TASK BRIEF:
Of the lines below, reproduce exactly those from the line containing "Viewed from the" to the end, including both the first and the last.

-- Opening Marker --

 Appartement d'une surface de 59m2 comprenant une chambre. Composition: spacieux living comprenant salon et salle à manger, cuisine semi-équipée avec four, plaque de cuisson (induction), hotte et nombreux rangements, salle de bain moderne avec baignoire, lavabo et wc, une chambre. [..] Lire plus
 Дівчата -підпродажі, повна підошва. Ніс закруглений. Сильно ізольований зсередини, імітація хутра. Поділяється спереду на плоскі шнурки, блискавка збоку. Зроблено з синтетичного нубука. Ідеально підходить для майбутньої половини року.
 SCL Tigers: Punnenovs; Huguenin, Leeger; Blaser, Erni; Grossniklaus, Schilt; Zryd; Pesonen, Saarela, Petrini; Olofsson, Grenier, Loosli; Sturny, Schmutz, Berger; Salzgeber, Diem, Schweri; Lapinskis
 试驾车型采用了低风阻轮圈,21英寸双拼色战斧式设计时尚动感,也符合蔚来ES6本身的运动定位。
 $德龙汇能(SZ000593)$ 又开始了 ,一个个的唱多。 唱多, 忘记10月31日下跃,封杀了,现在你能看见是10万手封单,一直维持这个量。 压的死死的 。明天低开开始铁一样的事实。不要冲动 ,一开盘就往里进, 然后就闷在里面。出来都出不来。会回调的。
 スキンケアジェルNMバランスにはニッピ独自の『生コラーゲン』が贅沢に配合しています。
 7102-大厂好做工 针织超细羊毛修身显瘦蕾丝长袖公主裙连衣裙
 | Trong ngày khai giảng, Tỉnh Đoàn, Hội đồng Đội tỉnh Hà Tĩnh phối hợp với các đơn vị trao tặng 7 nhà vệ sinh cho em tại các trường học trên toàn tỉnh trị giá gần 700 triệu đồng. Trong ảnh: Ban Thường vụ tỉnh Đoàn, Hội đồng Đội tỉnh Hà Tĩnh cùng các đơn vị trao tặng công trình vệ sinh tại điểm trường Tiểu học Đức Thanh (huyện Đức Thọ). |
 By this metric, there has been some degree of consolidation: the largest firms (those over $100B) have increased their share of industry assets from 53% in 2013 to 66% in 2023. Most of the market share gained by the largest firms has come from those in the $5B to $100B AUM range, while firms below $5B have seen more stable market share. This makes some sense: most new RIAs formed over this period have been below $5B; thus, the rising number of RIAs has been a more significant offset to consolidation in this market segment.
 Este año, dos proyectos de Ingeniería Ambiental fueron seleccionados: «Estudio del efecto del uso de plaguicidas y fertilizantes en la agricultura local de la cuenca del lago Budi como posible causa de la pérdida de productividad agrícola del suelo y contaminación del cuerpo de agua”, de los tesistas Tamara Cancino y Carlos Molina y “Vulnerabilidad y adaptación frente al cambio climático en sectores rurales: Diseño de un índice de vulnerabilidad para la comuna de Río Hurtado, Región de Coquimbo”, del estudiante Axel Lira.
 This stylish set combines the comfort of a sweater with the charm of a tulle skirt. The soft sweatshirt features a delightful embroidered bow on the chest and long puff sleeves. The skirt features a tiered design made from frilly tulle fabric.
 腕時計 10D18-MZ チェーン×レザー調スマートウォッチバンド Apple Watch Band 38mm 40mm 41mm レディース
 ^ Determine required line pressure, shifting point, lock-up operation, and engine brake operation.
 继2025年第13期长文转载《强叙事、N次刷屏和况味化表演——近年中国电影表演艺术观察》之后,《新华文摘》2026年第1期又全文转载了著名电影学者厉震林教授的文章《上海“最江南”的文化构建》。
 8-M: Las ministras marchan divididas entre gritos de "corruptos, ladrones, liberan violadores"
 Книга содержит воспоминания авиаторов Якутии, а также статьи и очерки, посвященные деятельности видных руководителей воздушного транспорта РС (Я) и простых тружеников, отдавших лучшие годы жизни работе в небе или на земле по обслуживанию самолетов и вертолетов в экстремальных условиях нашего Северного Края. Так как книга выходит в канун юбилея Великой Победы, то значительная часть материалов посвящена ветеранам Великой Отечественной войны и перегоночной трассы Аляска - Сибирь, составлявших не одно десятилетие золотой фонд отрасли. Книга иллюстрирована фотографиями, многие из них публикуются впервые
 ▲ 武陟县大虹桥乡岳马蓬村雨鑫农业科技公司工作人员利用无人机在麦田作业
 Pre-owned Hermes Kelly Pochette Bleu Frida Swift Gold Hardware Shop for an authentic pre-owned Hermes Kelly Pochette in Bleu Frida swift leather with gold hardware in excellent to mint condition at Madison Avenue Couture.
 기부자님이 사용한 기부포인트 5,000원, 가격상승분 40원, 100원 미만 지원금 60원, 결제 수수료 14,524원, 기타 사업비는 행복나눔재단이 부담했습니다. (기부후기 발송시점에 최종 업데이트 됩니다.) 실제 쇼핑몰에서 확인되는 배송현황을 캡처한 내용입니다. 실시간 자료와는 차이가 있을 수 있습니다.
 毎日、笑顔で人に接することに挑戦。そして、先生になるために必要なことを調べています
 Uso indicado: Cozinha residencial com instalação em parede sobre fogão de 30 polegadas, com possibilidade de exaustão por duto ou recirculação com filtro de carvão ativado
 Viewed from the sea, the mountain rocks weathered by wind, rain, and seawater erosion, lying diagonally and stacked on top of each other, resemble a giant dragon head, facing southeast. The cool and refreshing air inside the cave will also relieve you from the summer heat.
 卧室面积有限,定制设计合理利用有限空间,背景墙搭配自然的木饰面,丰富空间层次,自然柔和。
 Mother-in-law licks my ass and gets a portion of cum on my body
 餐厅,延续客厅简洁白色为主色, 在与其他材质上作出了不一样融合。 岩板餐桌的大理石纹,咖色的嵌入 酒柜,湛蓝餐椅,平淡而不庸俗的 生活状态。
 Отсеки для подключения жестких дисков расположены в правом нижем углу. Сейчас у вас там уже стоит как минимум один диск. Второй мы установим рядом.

-- Closing Marker --

COMPLETED TASK:
 Viewed from the sea, the mountain rocks weathered by wind, rain, and seawater erosion, lying diagonally and stacked on top of each other, resemble a giant dragon head, facing southeast. The cool and refreshing air inside the cave will also relieve you from the summer heat.
 卧室面积有限,定制设计合理利用有限空间,背景墙搭配自然的木饰面,丰富空间层次,自然柔和。
 Mother-in-law licks my ass and gets a portion of cum on my body
 餐厅,延续客厅简洁白色为主色, 在与其他材质上作出了不一样融合。 岩板餐桌的大理石纹,咖色的嵌入 酒柜,湛蓝餐椅,平淡而不庸俗的 生活状态。
 Отсеки для подключения жестких дисков расположены в правом нижем углу. Сейчас у вас там уже стоит как минимум один диск. Второй мы установим рядом.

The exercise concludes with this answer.